More than once I’ve been on a client site to try to deal with a data build that was either taking too long, or was no longer completing successfully. The handraulic analysis to figure out what was causing the issues can take a long time. The rewards however are tremendous. Not simply fixing a build that was failing, but in some cases cutting the time demand in half meant a job could be run overnight rather than scheduled for weekends. In some cases verifying with the business users what attributes are loaded and how they are interacted with can make their lives easier.

Below are a collection of tips I would suggest for anyone trying to speed up a data build in Integrator. I can swear these will work for you, every site is different. They are simply based on some experiences I’ve had so if they help you then great.

– Reduce the number of rows and columns. As a general rule less will always be faster so if you can filter out garbage records or redundant columns do. Depending on your version of OES the indexer will work in batch sizes of up to 150 or 180 MB. My assumption is the more records that can fit into each batch the faster the overall ingestion process will be. Calculating average record size may not be easy, particularly with multiassign attributes and ragged width records. However you can monitor the Rec/S and KB/s which Integrator will report which can at least help you measure when you’re processing more records.

– Defrag the data drives. Although the physical mechanics of how the data store file is managed are not obvious, the capability of the engine to read and write to/from disk contiguously appears to be significant.

– Specify a higher number of threads. Although in Windows the dgraph process may show any number, officially the default will be 2. The standard recommendation is to identify as many threads as you have CPU cores. My suggestion is experiment with different numbers until you find an optimal point. When you create or attach the data store specify the “–vars –threads X” parameter (X= the number you want). Full disclosuse this is a stock recommendation and I’ve not tested whether this impacts data ingestion or OES queries equally.

– Check if a newer version of OES that could be installed instead. On one client site running 2.3 we installed OES 7.4, it was both compatible and the performance improvements were notable. As mentioned above how batch sizes are defined has changed. With early versions of OES it was always set to 150 MB, with later versions it is dynamically defined and can scale up to 180 MB. This should benefit not only small data ingestions but large ones.

– Refine the data types. Strings will almost always consume the most disk space. The larger the footprint of a record the longer it tends to be to read or write it. And for analytical purposes strings are mostly qualitative fields. You need numbers for quantitative analysis and dates for trending.

– Check the 64-bit version of OES was installed. This is obviously dependent on your hardware but 32-bit servers are becoming hard to find and the 32-bit version of the software might have been installed by accident.
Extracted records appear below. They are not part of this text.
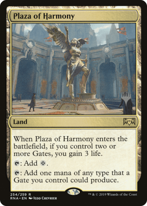 When this land enters, if you control two or more Gates, you gain 3 life. {T}: Add {C}. {T}: Add one mana of any type that a Gate you control could produce.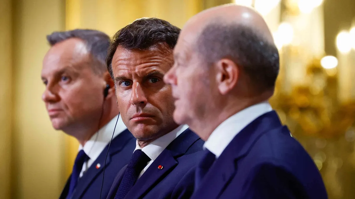 В Париже прошла встреча лидеров стран так называемого «Веймарского треугольника» (Франции, Германии и Польши) по поводу войны РФ против Украины. По инициативе французского президента Макрона на встрече обсудили «гарантии безопасности, которые могут быть предоставлены Украине в долгосрочной перспективе, чтобы гарантировать ее суверенитет и территориальную целостность», а также — как помочь украинцам успешно провести контрнаступление. Перед «рабочим ужином», в ходе которого Макрон, Шольц и Дуда поговорили об этом и других вопросах подробно и off the record, они дали совместную пресс-конференцию.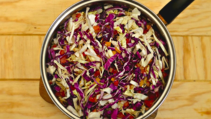 Agrega el repollo verde y morado; sofríe por 5 minutos, revolviendo de vez en cuando.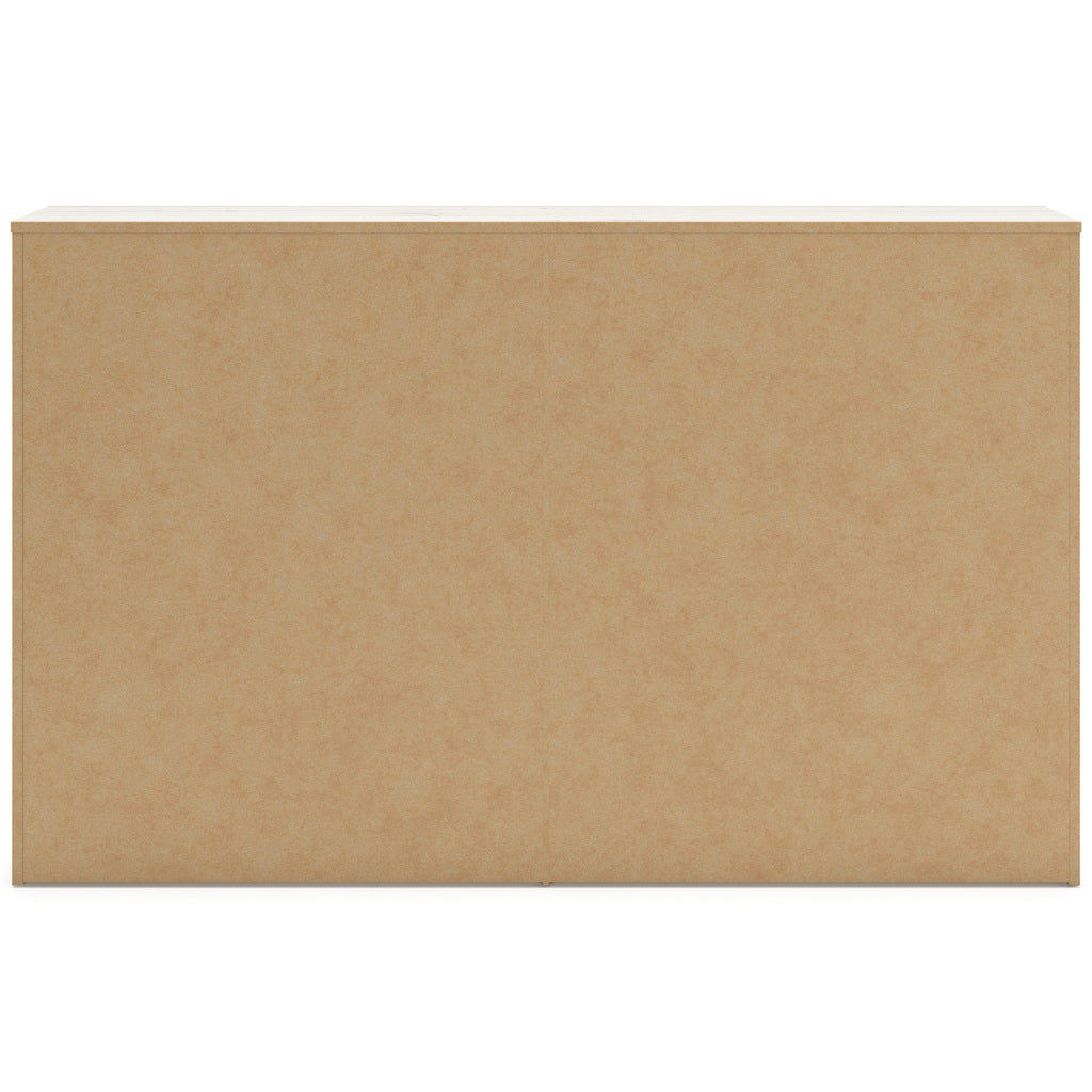 - Drawer interiors are lined with a faux linen laminate for a clean, finished look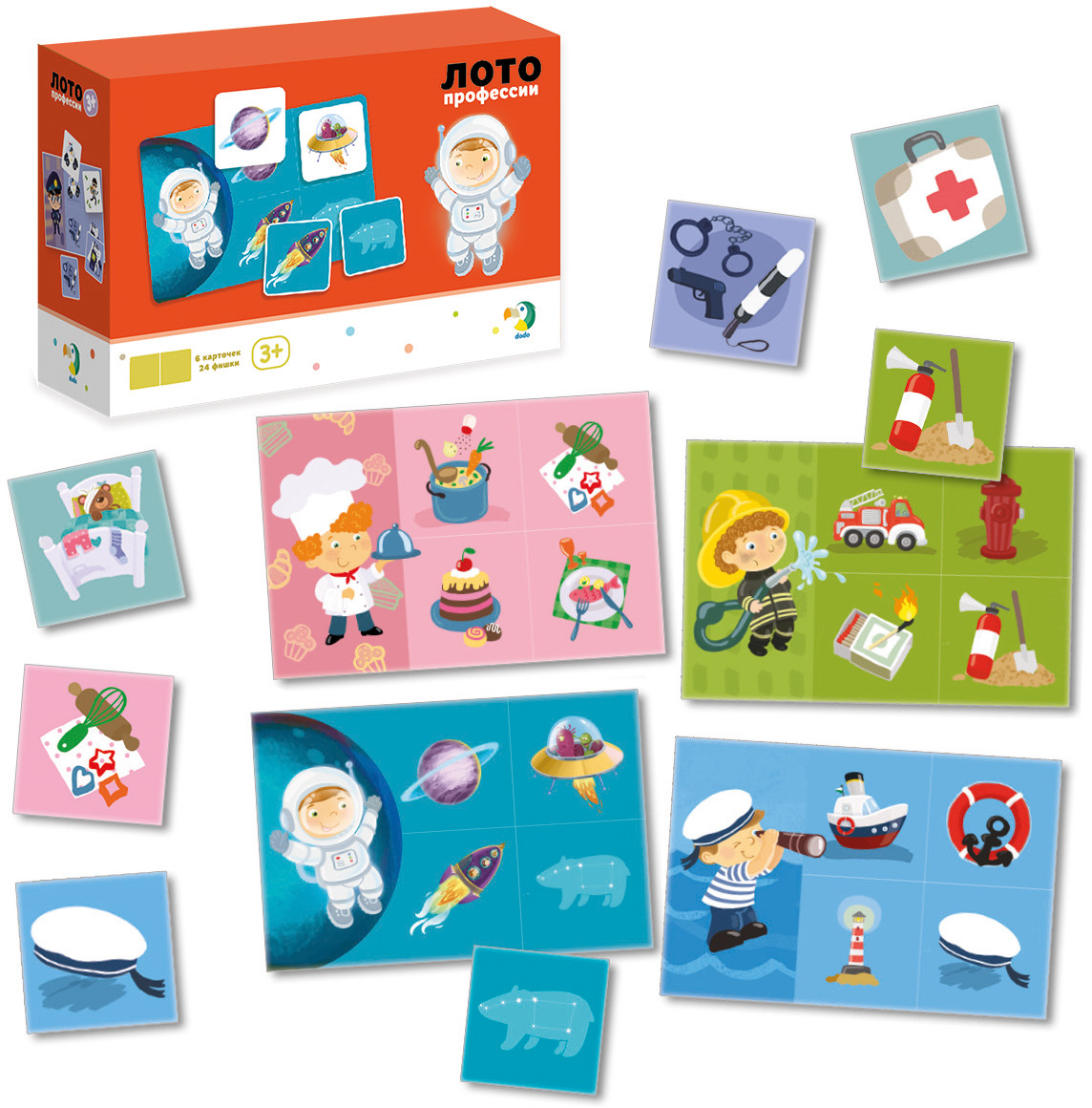 - Лото для малышей представлено красочно оформленными 6 игровыми карточками с изображением людей разных профессий и 24 прямоугольными фишками с их профессиональными атрибутами.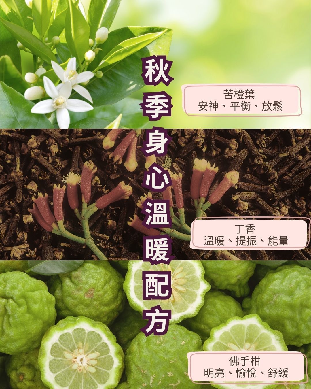 當秋風吹起,天氣逐漸轉涼,白天與夜晚的溫差也越來越明顯。這樣的季節裡,身心常常會感到有些疲倦與緊繃。若能透過芳香療法的幫助,不僅能為日常帶來溫暖的氣息,也能安撫情緒,讓自己更自在地迎接秋天的節奏。 芙樂思特別為大家調配了一款 #秋季身心溫暖配方 ,只要簡單三滴,就能為生活注入貼心與療癒的能量。 🥣 配方調理建議 佛手柑 5滴 苦橙葉 2滴 丁香 1滴 🌿 單方精油特色 佛手柑 帶有明亮清新的果香,如同秋日晨光般溫柔。它能舒緩情緒、減輕壓力,帶來一份愉悅與放鬆感,幫助你找回內心的輕盈。 苦橙葉 散發淡淡的綠葉氣息,有助安神與穩定情緒。當它與佛手柑搭配時,更能讓心情獲得平衡,彷彿把日常的緊繃慢慢釋放。 丁香 溫暖的辛香氣息帶來暖身與提振效果,特別適合初秋微涼的天氣。它能幫助活絡身體能量,讓人感覺由內而外都暖了起來。 🌸 日常使用方式 1️⃣ 居家擴香 將配方滴入擴香器中,於早晨或夜晚擴香 10–15 分鐘。溫暖而柔和的香氣,會悄悄填滿空間,帶來安心與舒適。 2️⃣ 芳香按摩 取基底油 10ml,加入配方精油混合後,輕輕按摩手腕、肩頸或後背。能幫助放鬆緊繃的同時,也溫潤肌膚,帶來暖意十足的呵護。 3️⃣ 秋日泡澡 在溫水浴中加入精油配方,浸泡其中,讓香氣隨蒸氣瀰漫全身,感受被溫暖包覆的療癒時光。 🍁 給自己的貼心時刻 這個小巧的秋季配方,不只是迷人的香氣,更是陪伴。它能在日漸轉涼的季節裡,幫助我們保持身心的舒適與平衡,讓秋日生活多一份柔軟的溫暖。 不妨在日常裡安排一個屬於自己的「秋日暖心儀式」,讓身體與心靈都在香氣中慢慢放鬆。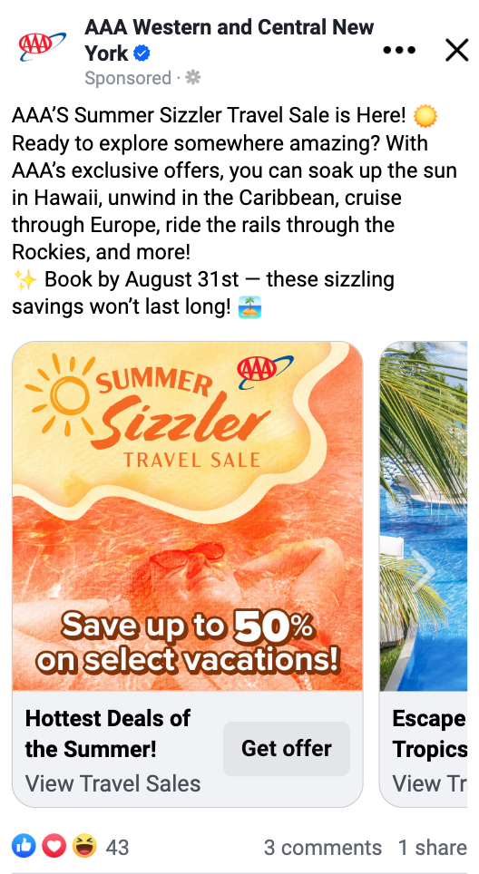 At AAA, I manage digital advertising across Meta and Google for Membership, Insurance, Travel, Driver Training, and Medicare. My work combines strategic planning, creative direction, and ongoing performance analysis to build campaigns that are both visually engaging and conversion focused.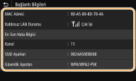 Geçerli ağ ayarlarının listesini yazdırabilirsiniz. Kullanıcı Veri Listesi/Sistem Yöneticisi Veri Listesi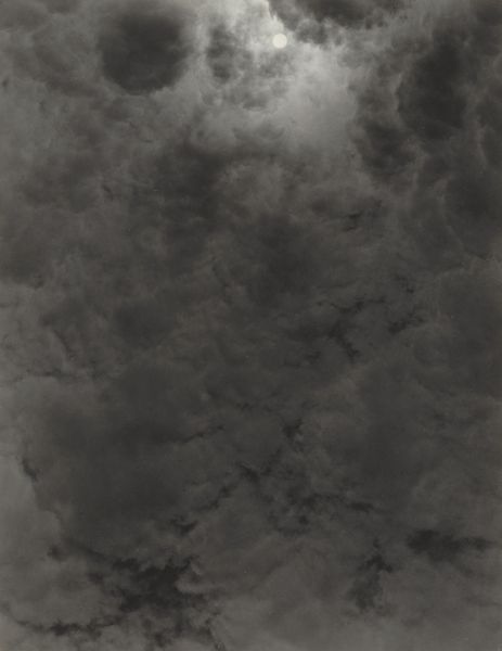 Curator: Wow, this photograph pulls me right in! It feels so expansive, almost cosmic. Editor: We're looking at Alfred Stieglitz's "Equivalent, Set C2 No. 2" from 1929, a black and white photograph. He really pushed photography into the realm of modernism. Curator: Modernism? I see these gorgeous swirling clouds. There’s such raw emotion – like nature reflecting my inner self back at me. Editor: That's exactly what Stieglitz intended! He called these his "equivalents," these photographs weren't meant to represent actual clouds. They were about capturing the feeling, the essence, of an emotion, or a state of being. The goal wasn't a literal transcription but, instead, emotional correspondence, particularly pertinent at a time of rising anxieties on race and class divisions during the Harlem Renaissance. Curator: So, these clouds aren’t really clouds? He’s using them like metaphors…for what? The complexities of being alive? Editor: Precisely. He strips away context and location to encourage introspection. Consider how landscape, historically a celebrated art form dominated by white artists, intersects with the politics of visibility and representation in early 20th-century America. Whose experiences get centered in these universal emotional landscapes? Who is afforded this privilege? Curator: That makes me rethink the small disc in the centre – is that the moon? It felt serene earlier, but now there's an intensity – it could just as easily be an eye, scrutinizing or judging! Editor: The image can feel both comforting and unnerving, can't it? And the use of monochrome only intensifies that sense. The absence of color encourages us to consider the stark contrasts inherent in lived experiences, the dualities of light and shadow, presence and absence, which often mirror power dynamics within society. Curator: It's a brave way to use a camera. You know, to point it upwards, to inner space! And perhaps not even space… but feeling. It really unlocks something… Editor: Stieglitz was aiming for transcendence, albeit tinged with the realities of the era. His photographs challenge us to confront uncomfortable truths about ourselves and the society we inhabit. Curator: Well, now, thanks to your insight, this evocative work isn't only aesthetically captivating. I understand now it is meant to urge its viewer to connect with that experience with the world and its complicated times in their core, even, by thinking about feelings, even at their extremes. Editor: Indeed! Thinking critically can deepen the encounter of art and self.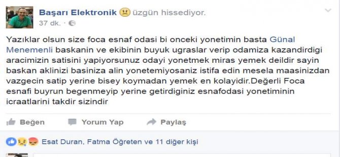 FESO yönetiminin bu sürpriz kararı tepkileri de beraberinde getirdi. Alınan kararı Oda tarafından atılan bilgilendirme mesajı ile öğrendiklerini belirten FESO üyesi bazı esnaflar, klavyenin başına geçerek tepkisini dile getirdi.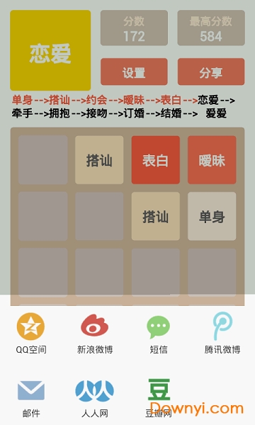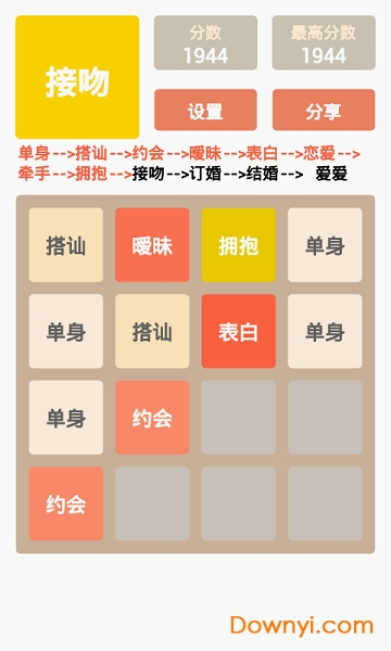 游戏开始后,在4x4的棋盘上会出现两个初始方块,玩家通过上下左右滑动屏幕来移动这些方块。每次移动后,系统都会在空白处随机生成一个新的方块。当两个相同状态的方块相撞时,它们会合并升级为下一阶段的方块。游戏的目标是通过不断合并,最终获得"结婚"方块。与经典2048不同的是,本作每个方块都代表着恋爱关系的发展阶段,让玩家在游戏过程中感受到恋爱的甜蜜与期待。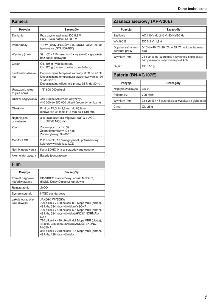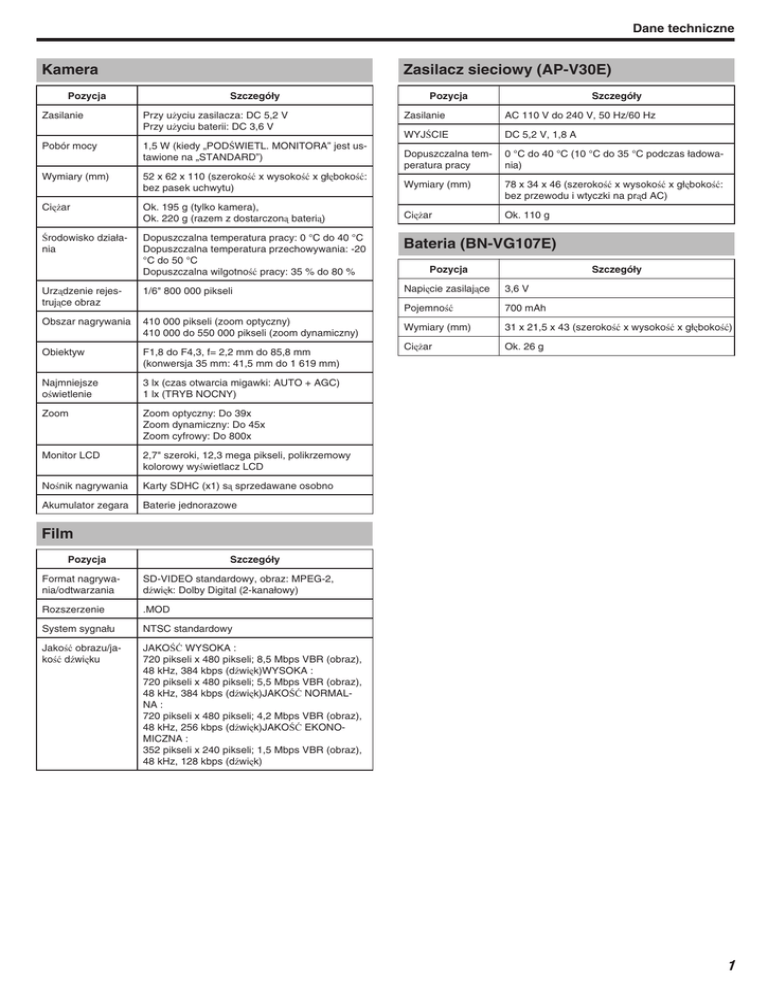 Dane techniczne Kamera Zasilacz sieciowy (AP-V30E) Pozycja Szczegóły Zasilanie Przy użyciu zasilacza: DC 5,2 V Przy użyciu baterii: DC 3,6 V Pobór mocy 1,5 W (kiedy „PODŚWIETL. MONITORA” jest ustawione na „STANDARD”) Wymiary (mm) Pozycja Szczegóły Zasilanie AC 110 V do 240 V, 50 Hz/60 Hz WYJŚCIE DC 5,2 V, 1,8 A Dopuszczalna temperatura pracy 0 °C do 40 °C (10 °C do 35 °C podczas ładowania) 52 x 62 x 110 (szerokość x wysokość x głębokość: bez pasek uchwytu) Wymiary (mm) 78 x 34 x 46 (szerokość x wysokość x głębokość: bez przewodu i wtyczki na prąd AC) Ciężar Ok. 195 g (tylko kamera), Ok. 220 g (razem z dostarczoną baterią) Ciężar Ok. 110 g Środowisko działania Dopuszczalna temperatura pracy: 0 °C do 40 °C Dopuszczalna temperatura przechowywania: -20 °C do 50 °C Dopuszczalna wilgotność pracy: 35 % do 80 % Bateria (BN-VG107E) Urządzenie rejestrujące obraz 1/6" 800 000 pikseli Napięcie zasilające 3,6 V Pojemność 700 mAh Obszar nagrywania 410 000 pikseli (zoom optyczny) 410 000 do 550 000 pikseli (zoom dynamiczny) Wymiary (mm) 31 x 21,5 x 43 (szerokość x wysokość x głębokość) Obiektyw F1,8 do F4,3, f= 2,2 mm do 85,8 mm (konwersja 35 mm: 41,5 mm do 1 619 mm) Ciężar Ok. 26 g Najmniejsze oświetlenie 3 lx (czas otwarcia migawki: AUTO + AGC) 1 lx (TRYB NOCNY) Zoom Zoom optyczny: Do 39x Zoom dynamiczny: Do 45x Zoom cyfrowy: Do 800x Monitor LCD 2,7" szeroki, 12,3 mega pikseli, polikrzemowy kolorowy wyświetlacz LCD Nośnik nagrywania Karty SDHC (x1) są sprzedawane osobno Akumulator zegara Baterie jednorazowe Pozycja Szczegóły Film Pozycja Szczegóły Format nagrywania/odtwarzania SD-VIDEO standardowy, obraz: MPEG-2, dźwięk: Dolby Digital (2-kanałowy) Rozszerzenie .MOD System sygnału NTSC standardowy Jakość obrazu/jakość dźwięku JAKOŚĆ WYSOKA : 720 pikseli x 480 pikseli; 8,5 Mbps VBR (obraz), 48 kHz, 384 kbps (dźwięk)WYSOKA : 720 pikseli x 480 pikseli; 5,5 Mbps VBR (obraz), 48 kHz, 384 kbps (dźwięk)JAKOŚĆ NORMALNA : 720 pikseli x 480 pikseli; 4,2 Mbps VBR (obraz), 48 kHz, 256 kbps (dźwięk)JAKOŚĆ EKONOMICZNA : 352 pikseli x 240 pikseli; 1,5 Mbps VBR (obraz), 48 kHz, 128 kbps (dźwięk) 1

– Verify the bottleneck in the ingestion actually is the indexer. You can generally see this in integrator when the console log only shows time ticking and all the components are done except for the Bulk Add/Replace component. There is very little other feedback on what the indexer is doing, but you can monitor the files in the generations folder to see the activity the indexer is producing. If the bottleneck isn’t the indexer then don’t waste time putting out the wrong fire!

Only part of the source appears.